Evian is parfait but what was a small life-changer for me was Phillips Go Zero It's a water bottle with a built-in filter. Not been able to manage the table-top filters for years, too heavy to fill, to pour,. You just fill it from the tap and glug. If you need a large mouthful for large tablets, you might find it's not quite enough, but it's fine for Pred! It's even pretty - I have one in a delicate pale pink and one in a delightful pale green.
that sounds good, and eco friendly, I shall look for one
On Amazon. The eco-friendly is part of it, she said virtuously, or maybe just saving myself hassle. Everything's delivered which would mean packs of 4 x 2 l or 6 x 1.5 litre, which I can't readily lift, so the bottles were sports caps, 750 ml, which is perfect for me, except - turn my back for a second as I am known to do on housework or at any rate housework that won't start to pong and my bedroom's full of empty bottles.
By the way, bonus, completely leak-proof, great for me just inside because anything tall and narrow put on the rollator tends to fall off, so I can lie them flat.
Does your rollator not have a basket? That was the best thing about OH's, I didn't have to carry the milk home!
Soft bag, fine for a extra pint from the Co-op but just as perilous with any non-leak-proof container around the home! The doorways have those thingies the name of which escapes me, metal strips holding down the carpet, which might even be called carpet strips. From the point of view of the rollator they're a bump, potentially requiring fluid to be transported with the care you might otherwise give to a Faberge egg.

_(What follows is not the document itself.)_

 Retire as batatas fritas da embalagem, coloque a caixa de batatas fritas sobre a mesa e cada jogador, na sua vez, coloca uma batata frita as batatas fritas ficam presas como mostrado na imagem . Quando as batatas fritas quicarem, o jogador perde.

Probably because it’s different to what you’re used to where you live. Cornwall’s water is soft, whereas as our from Dorset eastwards is harder - comes through chalk…
In the UK, water tends to be hardest in the South East and London, the Midlands and eastern Wales. As you move further north into northern England and Scotland, the water becomes much softer. The South West of England, western Wales and Northern Ireland also tend to have very soft water.

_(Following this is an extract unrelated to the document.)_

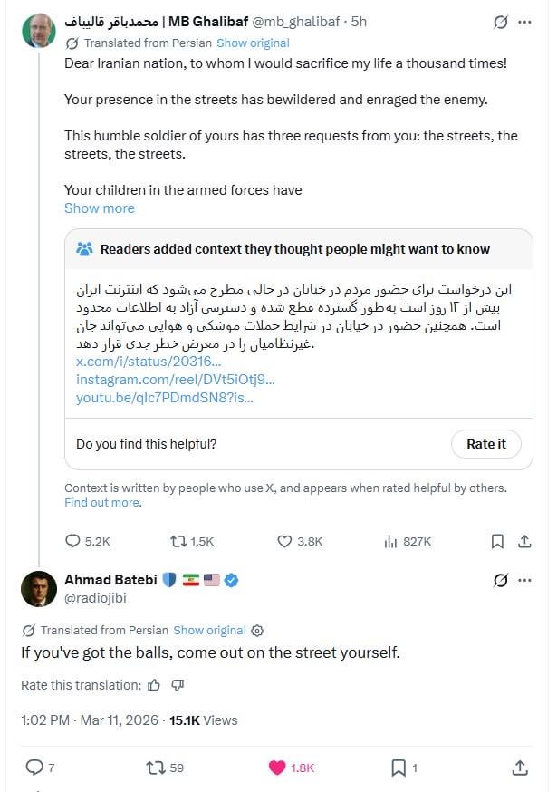 Iranian speaker of the parliament calls for citizens to go out on the streets and serve as human shields

I could not agree more. I'm West London and the chalk in the water means the water in the bowl is white not clear. When we go to Wells in Somerset I really enjoy the water there.
Strange isn't it - as a child the water in the house came from an aquifer under our fields, storage in a limestone undercround cave made for VERY hard water, dreadful for the kettle and having a bath but lovely to drink. My great aunts down the road had the the pipeline from central Wales to Birmingham running through their land and their water supply was from that - it was yellow in the bath, soap bubbles by the ton but it made an AWFUL cup of tea!!!
Our water company changed our supplier to somewhere in Wiltshire where it came through chalk. It was horrible, furred up our kettle, left scum on the cups that the dish washer couldn't budge. We had to buy a filter. Thankfully it was only temporary and they changed it back to our lovely Somerset water which does not need a filter.
As AA is a longlasting medication which stays permanently in your body I wouldn't worry at all about a potentially slightly less effective absorption this one time. It's not like some meds which must be taken at strictly regulated intervals. Enjoy your holiday!
Our water always goes through a Brita device before we drink it. The Brita device is always in the fridge and we fill Systema bottles up with it. It tastes really refreshing I drink about 3 litres of lovely water every day.
Tap water has minerals in it too. I really wouldn't worry. When I first started on AA I drank a mug of coffee before taking it without thinking. No ill effects.
when first taking AA, and not having read the leaflet , I took it with my morning cuppa!! Was not told to only take with water, just not to be lying down. Five years later and after first DEXA scan, doctor took me off it. (Happy now I don’t have the wait to eat after taking it).